Exercise material:

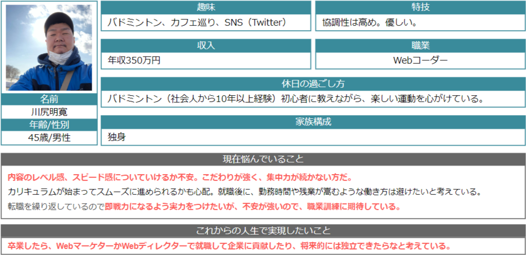 ペルソナ(次項目参照)が前職Webコーダーであることから、ターゲット層は同業者となり、うち正社員勤務を希望している層として算出しております。但し、148万人には、その他の専門・技術職も含まれる為、概算として設定しております。
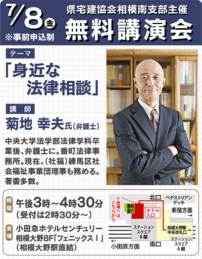 今回のテーマは「身近な法律相談」。数多くの事件や社会問題を担当し、日本テレビ「行列のできる法律相談所」や「スッキリ!!」のレギュラー出演でもおなじみの弁護士・菊地幸夫氏を迎え、土地と建物の法律相談を中心に消費者問題の実態なども盛り込んだ話を披露する予定。定員100人で、事前申込制(7月6日(水)まで)。申込み・問合せは同支部事務局(下記)へ。
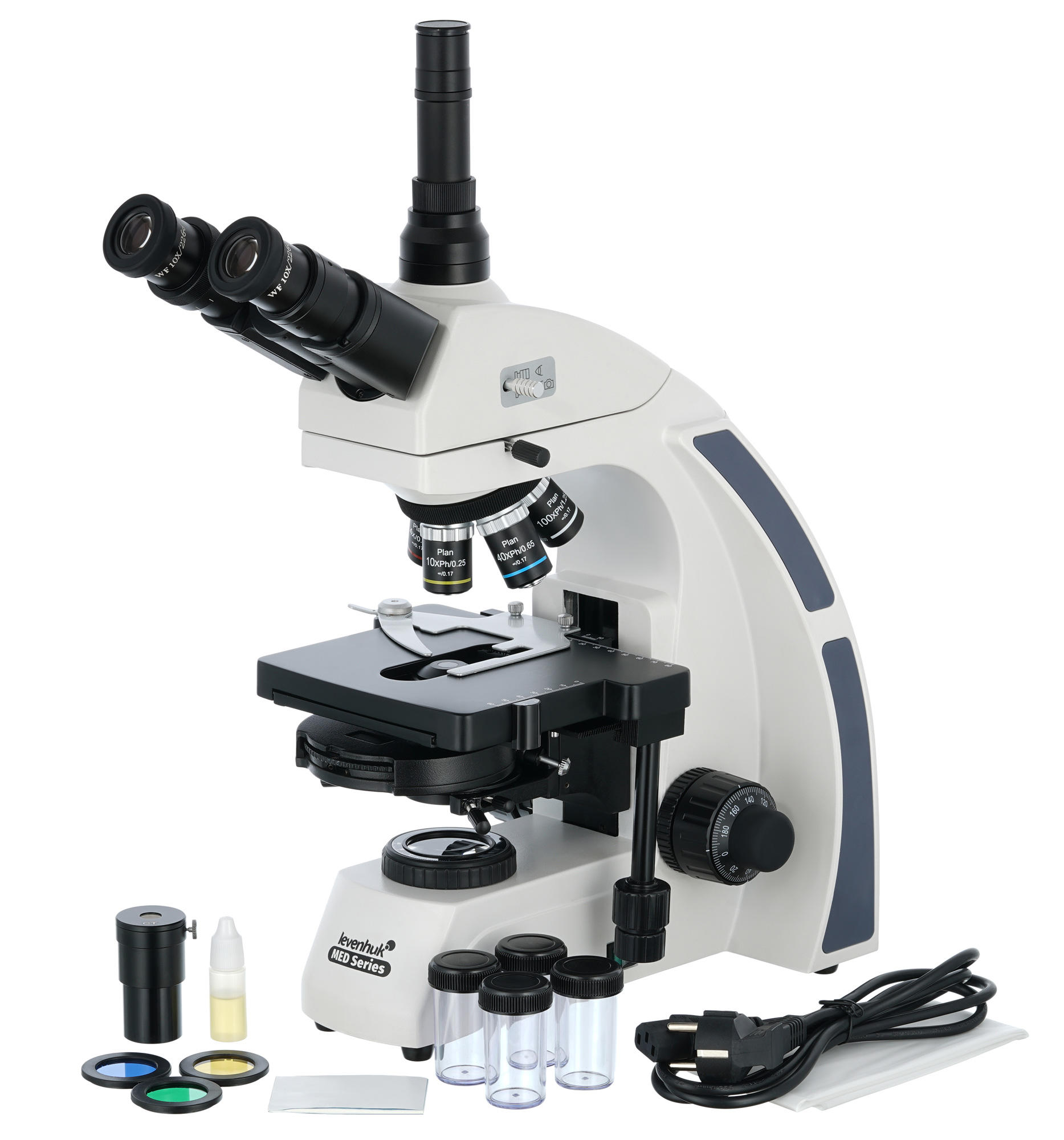 Тринокулярный микроскоп Levenhuk MED 45T создан для профессиональных микроисследований в лаборатории. Его возможности оценят специалисты, работающие в разных областях науки: биохимики, микробиологи, медики, ветеринары и другие. Микроскоп позволяет вести наблюдения «сухим» или иммерсионным методом, с использованием темного или светлого поля, фазово-контрастной микроскопии или освещения по методу Келера. Планахроматическая оптика дает увеличение от 40 до 1000 крат, минимизирует искажения, создает плоское поле зрения – качество картинки позволит изучать совсем малые структуры.
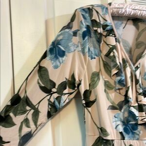 Janette Plus USA Floral Long Sleeve Wrap Midi Dress with Tie Front - Size 1X
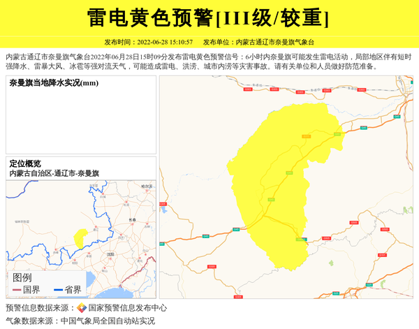 内蒙古通辽市奈曼旗气象台2022年06月28日15时09分发布雷电黄色预警信号:6小时内奈曼旗可能发生雷电活动,局部地区伴有短时强降水、雷暴大风、冰雹等强对流天气,可能造成雷电、洪涝、城市内涝等灾害事故。请有关单位和人员做好防范准备。 信息来源:国家预警信息发布中心; 发布单位:内蒙古通辽市奈曼旗气象台。
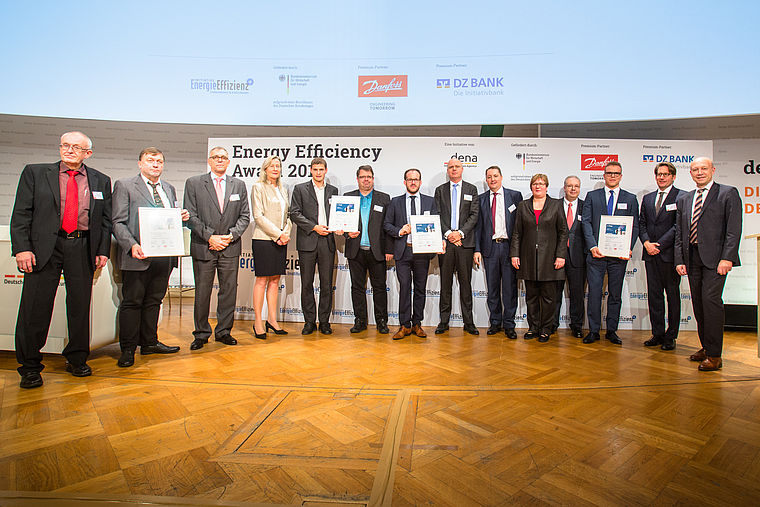 2016 zeichnete die dena Capita, Pilkington, Thelen und Rauschert mit dem Energieeffizienzpreis aus. (Abb. dena) Für Projekte, die bei der Umsetzung der Energiewende besonders wirkungsvoll sind, vergibt die Deutsche Energie-Agentur (dena) im Rahmen ihrer Initiative EnergieEffizienz seit 2007 den Energy Efficiency Award. Der Award ist mit Preisgeldern von 30.000 € dotiert und steht unter der Schirmherrschaft des Bundesministeriums für Wirtschaft und Energie (BMWi). Der Wettbewerb wird realisiert mit Unterstützung der Danfoss GmbH und der Kreditanstalt für Wiederaufbau (KfW).
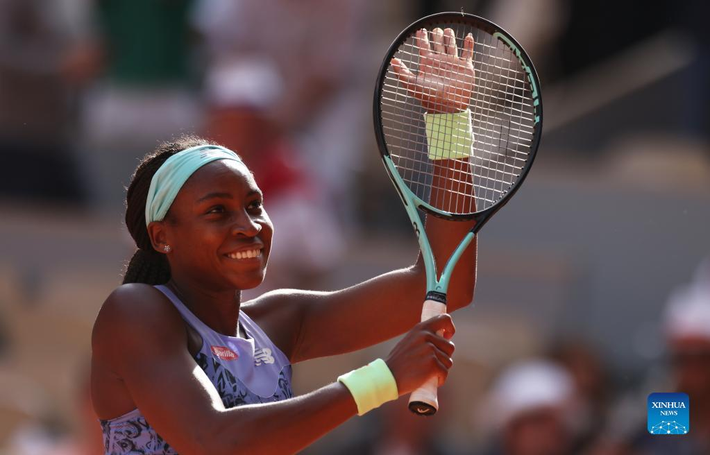Coco Gauff of the United States celebrates the victory after the women's singles semifinal against Martina Trevisan of Italy at the French Open tennis tournament at Roland Garros in Paris, France, June 2, 2022. (Xinhua/Gao Jing)
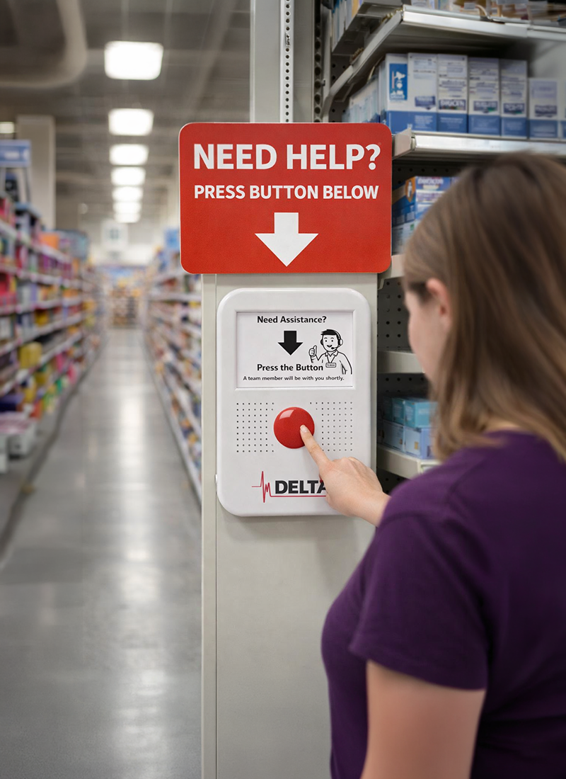 Delta call boxes can connect directly to two-way radio systems, allowing alerts or voice communication to be received by radios carried by staff.
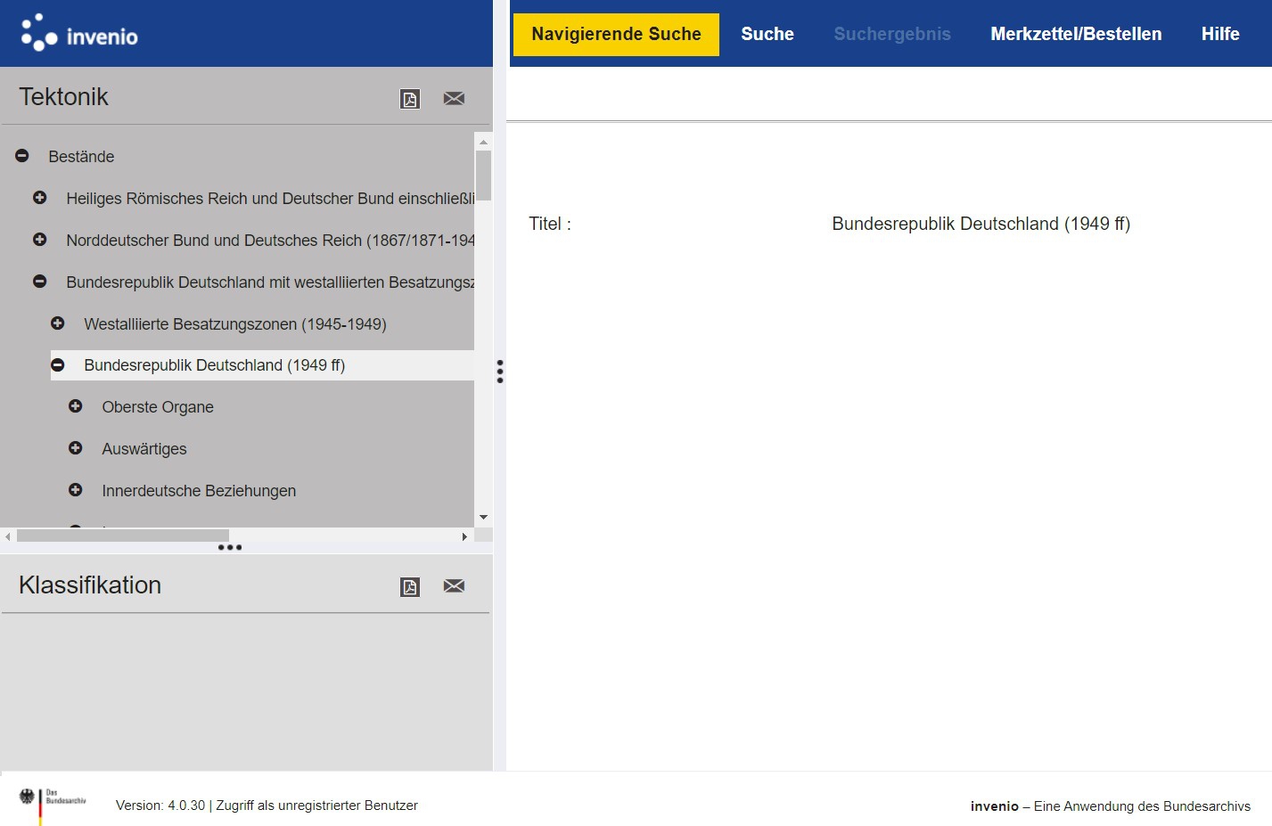 Wer gerne historische Fotos anschaut oder auswertet, sollte sich die Seite http://www.bild.bundesarchiv.de vornehmen. Filme suchen und ansehen, dafür ist die Seite http://www.filmothek.bundesarchiv.de hervorragend. Und wer ganz gezielt in Akten und mit Stichworten recherchieren will, sollte dies auf http://www.invenio.bundesarchiv.de tun. Für all das, was noch nicht digitalisiert ist – dafür gibt es dann einen Besuch in Koblenz oder einer anderen Dienststelle des Archivs.
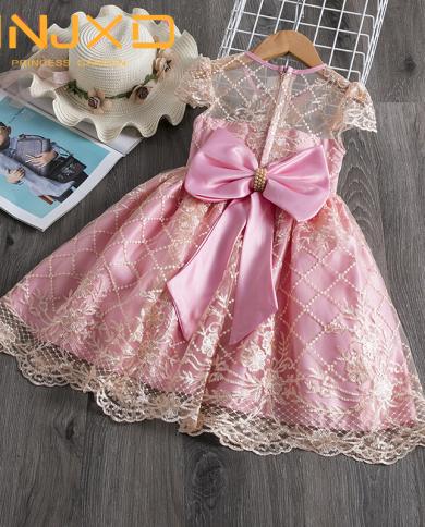 One Year Baby Girls Birthday Baptism Princess Dresses Kids Summer

Exercise instructions: What you return must match the entries above exactly, apart from the pictures, which are left out.

Worked solution:
 ペルソナ(次項目参照)が前職Webコーダーであることから、ターゲット層は同業者となり、うち正社員勤務を希望している層として算出しております。但し、148万人には、その他の専門・技術職も含まれる為、概算として設定しております。
 今回のテーマは「身近な法律相談」。数多くの事件や社会問題を担当し、日本テレビ「行列のできる法律相談所」や「スッキリ!!」のレギュラー出演でもおなじみの弁護士・菊地幸夫氏を迎え、土地と建物の法律相談を中心に消費者問題の実態なども盛り込んだ話を披露する予定。定員100人で、事前申込制(7月6日(水)まで)。申込み・問合せは同支部事務局(下記)へ。
 Тринокулярный микроскоп Levenhuk MED 45T создан для профессиональных микроисследований в лаборатории. Его возможности оценят специалисты, работающие в разных областях науки: биохимики, микробиологи, медики, ветеринары и другие. Микроскоп позволяет вести наблюдения «сухим» или иммерсионным методом, с использованием темного или светлого поля, фазово-контрастной микроскопии или освещения по методу Келера. Планахроматическая оптика дает увеличение от 40 до 1000 крат, минимизирует искажения, создает плоское поле зрения – качество картинки позволит изучать совсем малые структуры.
 Janette Plus USA Floral Long Sleeve Wrap Midi Dress with Tie Front - Size 1X
 内蒙古通辽市奈曼旗气象台2022年06月28日15时09分发布雷电黄色预警信号:6小时内奈曼旗可能发生雷电活动,局部地区伴有短时强降水、雷暴大风、冰雹等强对流天气,可能造成雷电、洪涝、城市内涝等灾害事故。请有关单位和人员做好防范准备。 信息来源:国家预警信息发布中心; 发布单位:内蒙古通辽市奈曼旗气象台。
 2016 zeichnete die dena Capita, Pilkington, Thelen und Rauschert mit dem Energieeffizienzpreis aus. (Abb. dena) Für Projekte, die bei der Umsetzung der Energiewende besonders wirkungsvoll sind, vergibt die Deutsche Energie-Agentur (dena) im Rahmen ihrer Initiative EnergieEffizienz seit 2007 den Energy Efficiency Award. Der Award ist mit Preisgeldern von 30.000 € dotiert und steht unter der Schirmherrschaft des Bundesministeriums für Wirtschaft und Energie (BMWi). Der Wettbewerb wird realisiert mit Unterstützung der Danfoss GmbH und der Kreditanstalt für Wiederaufbau (KfW).
Coco Gauff of the United States celebrates the victory after the women's singles semifinal against Martina Trevisan of Italy at the French Open tennis tournament at Roland Garros in Paris, France, June 2, 2022. (Xinhua/Gao Jing)
 Delta call boxes can connect directly to two-way radio systems, allowing alerts or voice communication to be received by radios carried by staff.
 Wer gerne historische Fotos anschaut oder auswertet, sollte sich die Seite http://www.bild.bundesarchiv.de vornehmen. Filme suchen und ansehen, dafür ist die Seite http://www.filmothek.bundesarchiv.de hervorragend. Und wer ganz gezielt in Akten und mit Stichworten recherchieren will, sollte dies auf http://www.invenio.bundesarchiv.de tun. Für all das, was noch nicht digitalisiert ist – dafür gibt es dann einen Besuch in Koblenz oder einer anderen Dienststelle des Archivs.
 One Year Baby Girls Birthday Baptism Princess Dresses Kids Summer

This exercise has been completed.